A beleza de teus cachos
Conheci o escritor chileno Pablo Neruda através dos cabelos de uma mulher. Foi numa tarde ensolarada, de um dia diferente dos outros, que a visita em “La Chascona” despertou algo em meu coração. Observei cada canto da casa que o poeta construiu para sua última companheira. Em Santiago, Neruda e Matilde nasceram e morreram muitas vezes no lar onde decidiram se amar por completo.
“La Chascona”, que em tradução livre significa “A descabelada”, era também o apelido de Matilde. Com madeixas apaixonantes, seu cabelo foi inspiração para inúmeros poemas de Neruda. Sem perceber, exatamente 60 anos depois, me pego apaixonada por fios de cabelos que se enrolam dia e noite sem pedir licença. Sem saber como, os cachos do ser amado crescem. Suave como a água, meus dedos percorrem os infinitos caminhos que eles formam e descubro ali um oceano de calmarias e tempestades. Vejo ele vindo todo descabelado, a favor do vento, contra o vento, em minha direção, sua imagem invade meus olhos.
Mas mutante como a vida, numa tarde qualquer, de um dia diferente dos outros em que estavas longes de mim, abandonastes os cachos. Sem poder me despedir, fechei os olhos e imaginei diante da lua cheia seus cabelos florescendo mais fortes e enrolados. Mais uma vez, sem saber como, me sinto como Neruda e uso seu soneto XIV, publicado em “Cem Sonetos de Amor”, para expressar-me.

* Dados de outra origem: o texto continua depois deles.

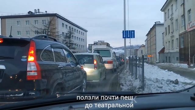 На авто по предновогоднему вечернему Магадану. Пробки в Магадане.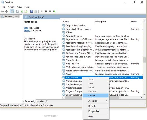 Trong cửa sổ mới hiện lên, cuộn xuống cho tới khi bạn nhìn thấy mục Printer Spooler , click chuột phải vào nó và nhấn vào Restart .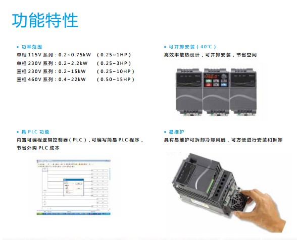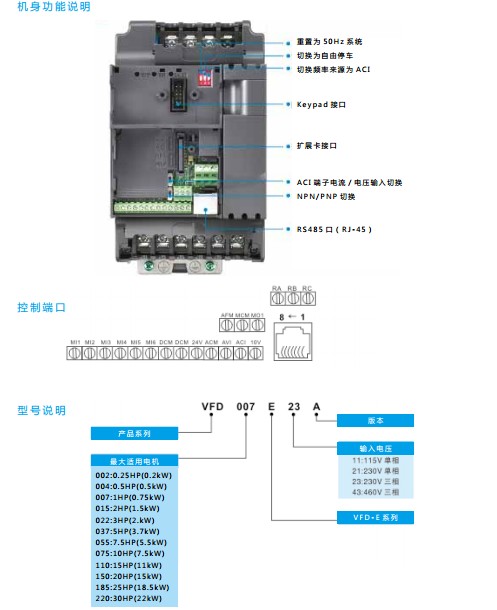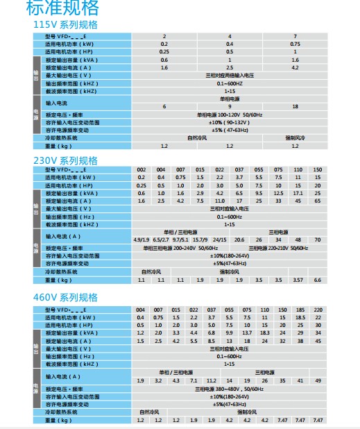 | VFD-E | VFD022E23A | 3P220V,2200W,IP20,內(nèi)置煞車單元 |

“ME FALTA tempo para celebrar teus cabelos.
Um por um devo contá-los e louvá-los:
outros amantes querem viver com certos olhos,
eu só quero ser penteador de teus cabelos.
Na Itália te batizaram Medusa
pela encrespada e alta luz de tua cabeleira.
Eu te chamo brejeira minha e emaranhada:
meu coração conhece as portas de teu pêlo.
Quando tu te extraviares em teus próprios cabelos,
não me esqueças, lembra-te que te amo,
não me deixes perdido ir sem tua cabeleira
pelo mundo sombrio de todos os caminhos
que só tem sombra, transitórias dores,
até que o sol suba à torre de teu pêlo.”